Adrian Hall's website

SGI Indy

This Silicon Graphics Indy is one of the jewels in my collection. It is in fantastic condition, and works well! I regularly fire up the Indy to mess with demos and such.

It’s a mid-range version of SGI’s cheapest workstation, but when a computer is almost 30 years old that kind of thing doesn’t matter so much.

Apparently the boot jingle (above) on my Indy plays a a bit slowly, and therefore lower pitched, compared to other Indys. I have no idea why, it’s very strange. I am unaware of it having any other eccentricities.

Specs

CPUMIPS R4400SC 150MHz
MainboardIP22 for Indy
GPU‘Newport’ XL24
RAM128 MB
StorageSCSI2SD V6
1.2GB SCSI Seagate ST31200N (usually disconnected)
Floptical (usually disconnected, no disks)
OSIRIX 6.5.22
IRIX 5.3
PSUNidec
Other stuffIndycam
Official crappy microphone

History of this unit

I obtained this Indy through Kijiji on March 6th, 2019 for $200 CAD. I bought it from somebody in the Plateau area of Montreal, and he told me that he used them for work when they were current. He kept this machine with the intent to get it working, but never did.

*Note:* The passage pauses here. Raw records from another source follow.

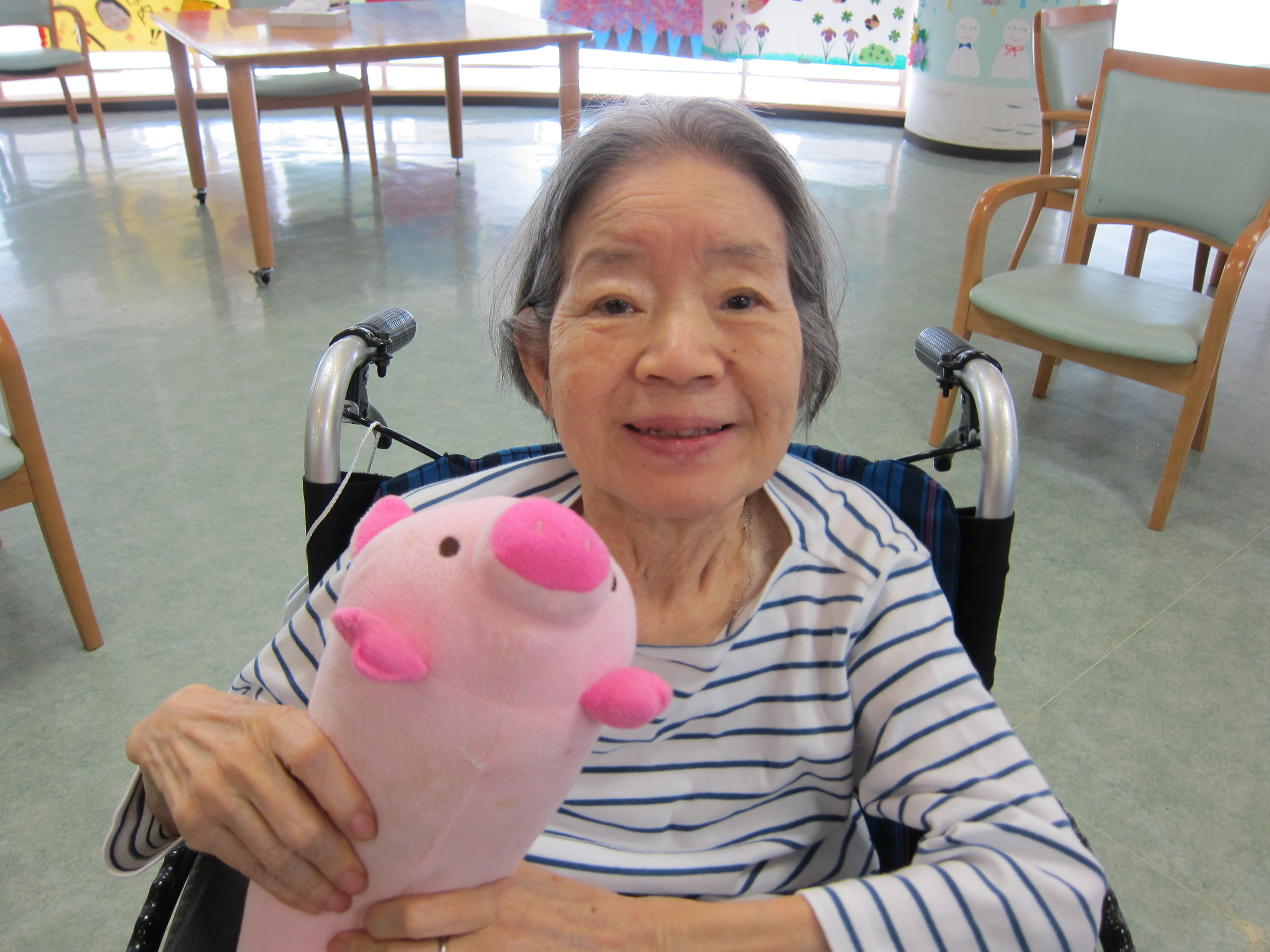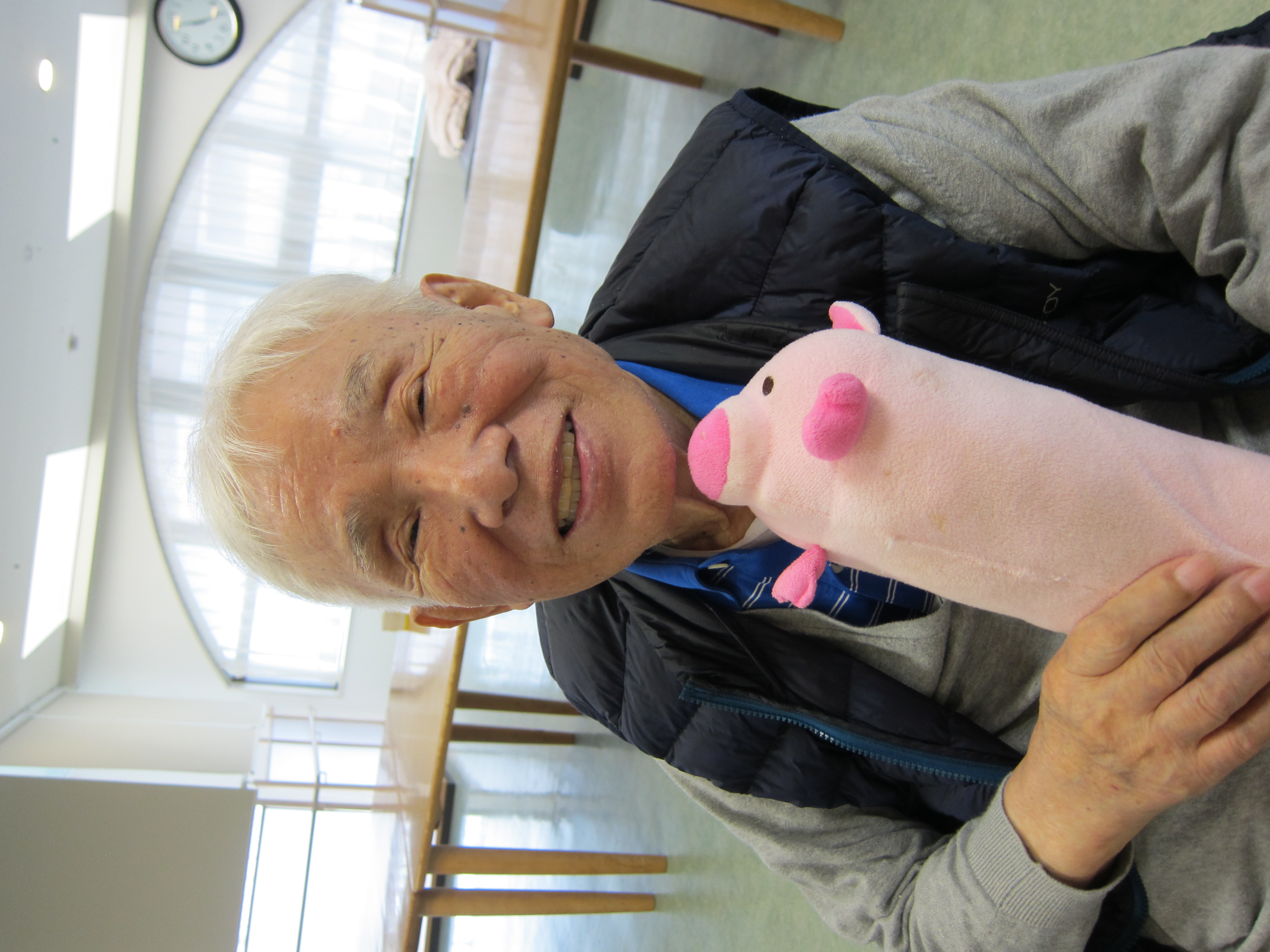 ブタ?さんのクッションを使って笑顔で写真大会しました?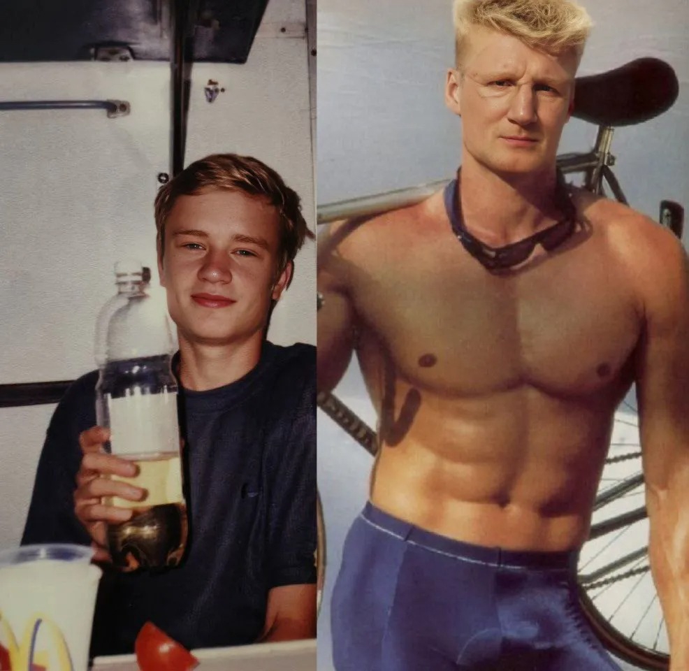 Да ни в чем, просто удачное фото, возможно, заранее отредактированное перед публикацией. В любом случае, даже если признать, что он был, как говорится, конвенционально красив, ему это в жизни не помогло ничем. Ну или он это никак не использовал, что почти что одно и то же.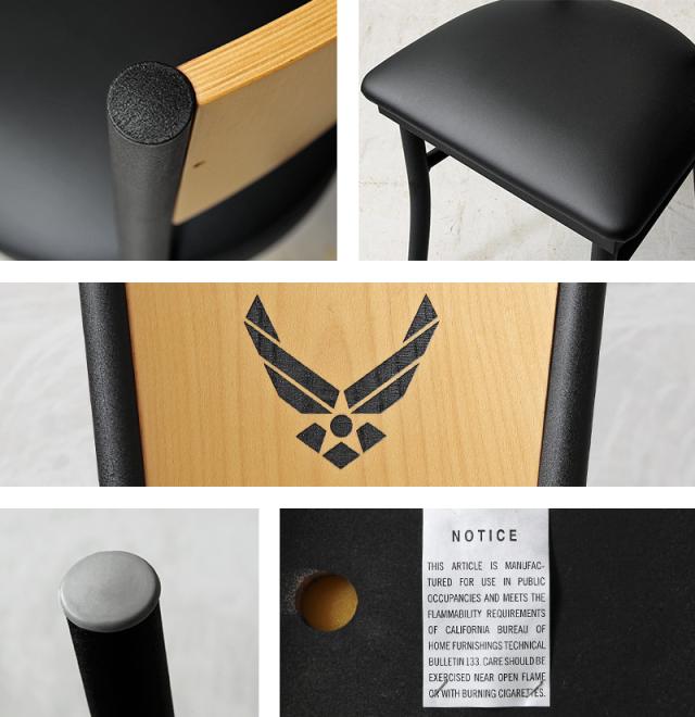 レーザー彫刻されたU.S.AIR FORCEの公式ロゴが印象的な木製バックのダイニングチェアです。どんなお部屋にもマッチするブラックと木目を生かしたカラーリング。インパクトのある配色ながら落ち着いた雰囲気があります。堅牢な造りで、欠けや傷に強く、キレイな外観を保ってくれるパウダーコートスチールのフレーム。座面は高密度でしっかりと張りのあるポリウレタンフォームに、高級感のあるレザー調の生地が貼られています。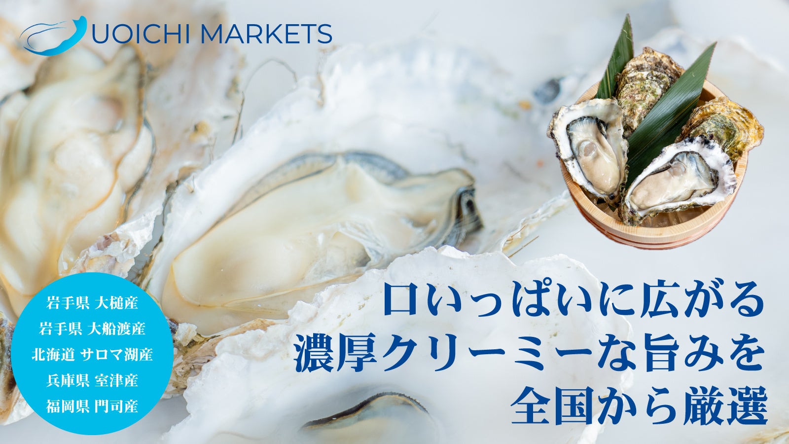 「UOICHI MARKETS」は全国の産地から厳選した旬の牡蠣を中心に、帆立などの海産物や加工食品の通販・サブスク(定期購入)ができるショップで、真牡蠣・岩牡蠣・殻付き牡蠣など豊富に取り揃えています。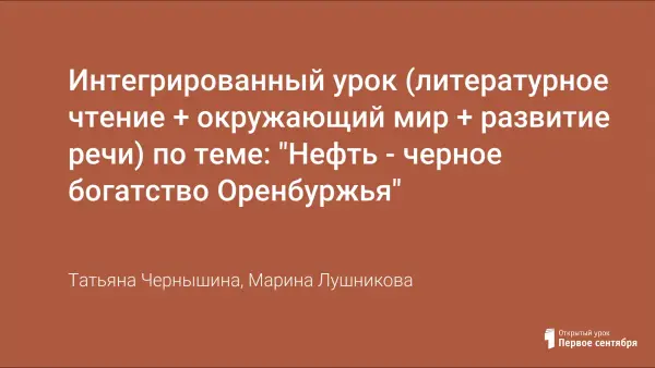 Интегрированный урок (литературное чтение + окружающий мир + развитие речи) по теме: "Нефть - черное богатство Оренбуржья"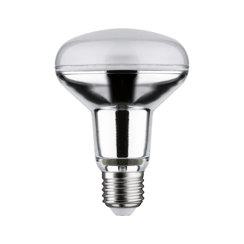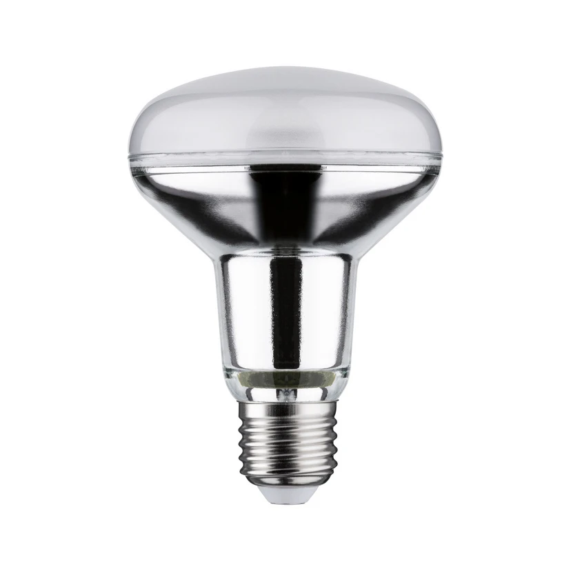 E27 6,5W LED-reflektor R80 från Paulmann med silverfärgat glashus, universalvittDen här icke-dimbara LED-reflektorlampan R80 med E27-sockel avger ett universellt vitt ljus med en spridningsvinkel på 36°. Lampan är särskilt lämplig för spotlights och strålkastare.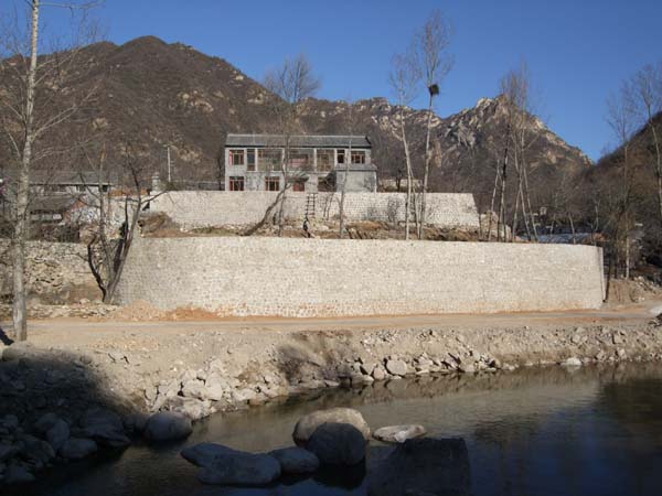 Two large earth movers were hired for two weeks at a bargain price, reliably reported, of only 3000 Yuan, each, per day. And since large amounts of infill were needed, what a clever idea to dredge the local stream bed! In almost no time, the boundary wall was racing upwards.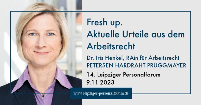 Die Workshop-Runden zum Thema „Arbeitsrecht“ auf dem Leipziger Personalforum sind seit vielen Jahren immer wieder sehr gut nachgefragt. Daher freuen wir uns ganz besonders, daß auch 2023 Dr. Iris Henkel, Fachanwältin für Arbeitsrecht bei Petersen Hardraht Pruggmayer, einen Workshop am 9. November anbot und die Fragen der Teilnehmer beantwortet hat.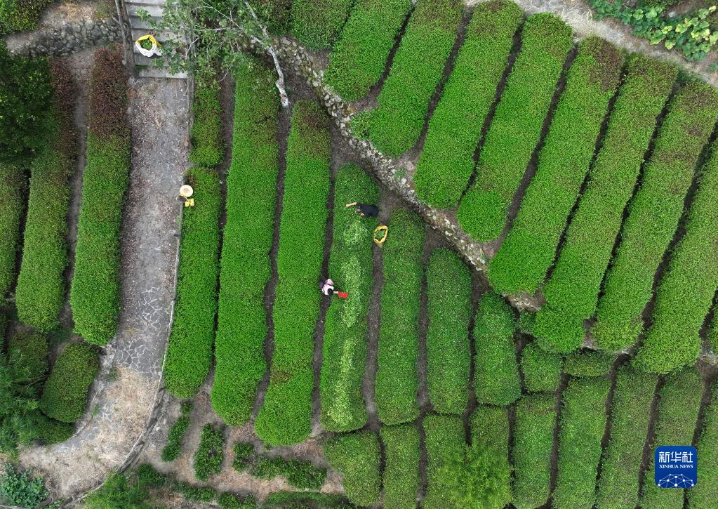 8月23日,湖北省宜昌市秭归县茅坪镇松树坳村村民在茶园采秋茶(无人机照片)。
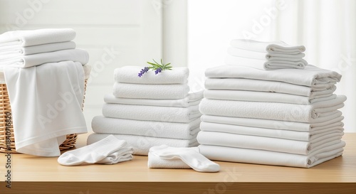 lifestyle, cleaning, tip, home, organisation, tool, maintenance, household, tidy, sock, pile, organizing, decor, hygiene, cleanliness, supply, towel, technique, folded, white, domestic, wooden, table, clean, neatly, towel, sock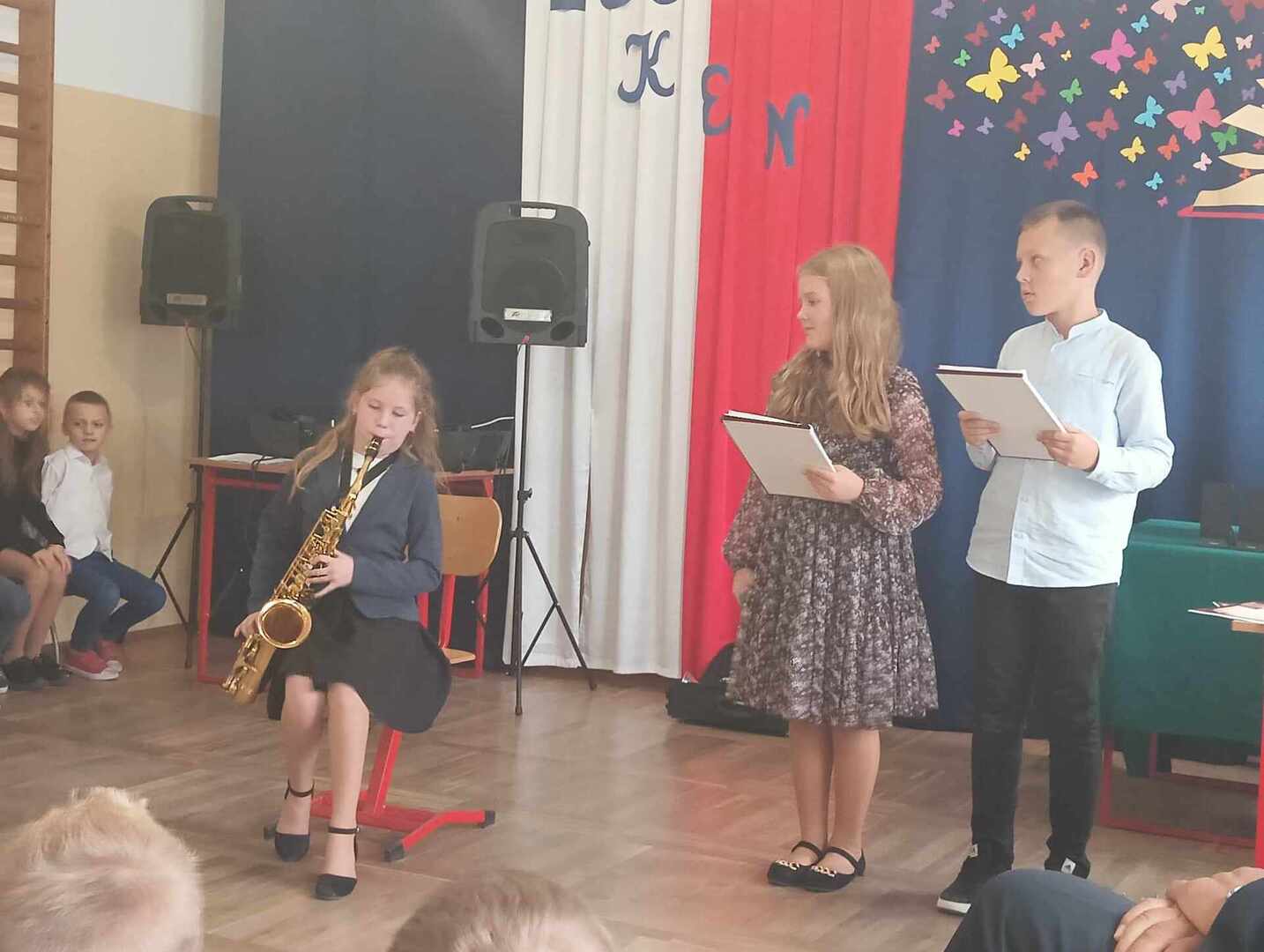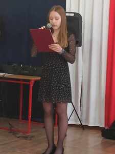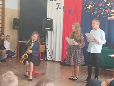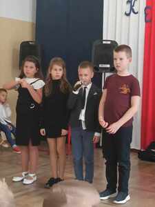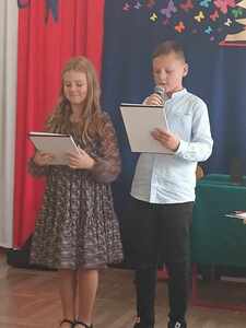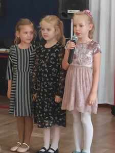 Następnie rozpoczęła się część artystyczna, która przygotowana była przez uczniów z kilku klas (przedszkole, 1,3,4,5,6,7) pod opieką pani Marty Pokropskiej oraz Barbary Goździewskiej. Uczniowie klasy 8 wręczyli nauczycielom i pracownikom szkoły skromne upominki w postaci kwiatków.

Unfortunately I don’t know anything else about what he did with them, and I have no evidence of who this Indy was originally sold to, though one day I might. While that is unfortunate, the lack of stickers or other identifiers means that it is a very clean unit.

This Indy was sold to me with no RAM, no floptical drive (or spare drive sled) and no accessories.

The seller was very excited about how this Indy came with a hard drive (he felt it increase the value). Unfortunately that drive is faulty, which is probably why he wasn’t able to make the machine work.

I have been unable to access or format the included 1.2GB HDD. I’ve kept it in case I can eventually do something about that (I’m curious if there is anything interesting on there). Luckily, I happened to have access to the exact same HDD: as far as I can tell the Seagate SGI31200N is simply a rebranded ST31200N.

Over the next few months I bought 64MB set of 4 SIMMs so I could test the system, then bought 4 more to get it up to 128MB. I also ordered a floptical drive, second drive sled and Indycam from Herb’s SGI and Sun equipment. I had access to various other SCSI equipment through a local hackerspace, so I was able to jigger up a CD drive to do an IRIX install.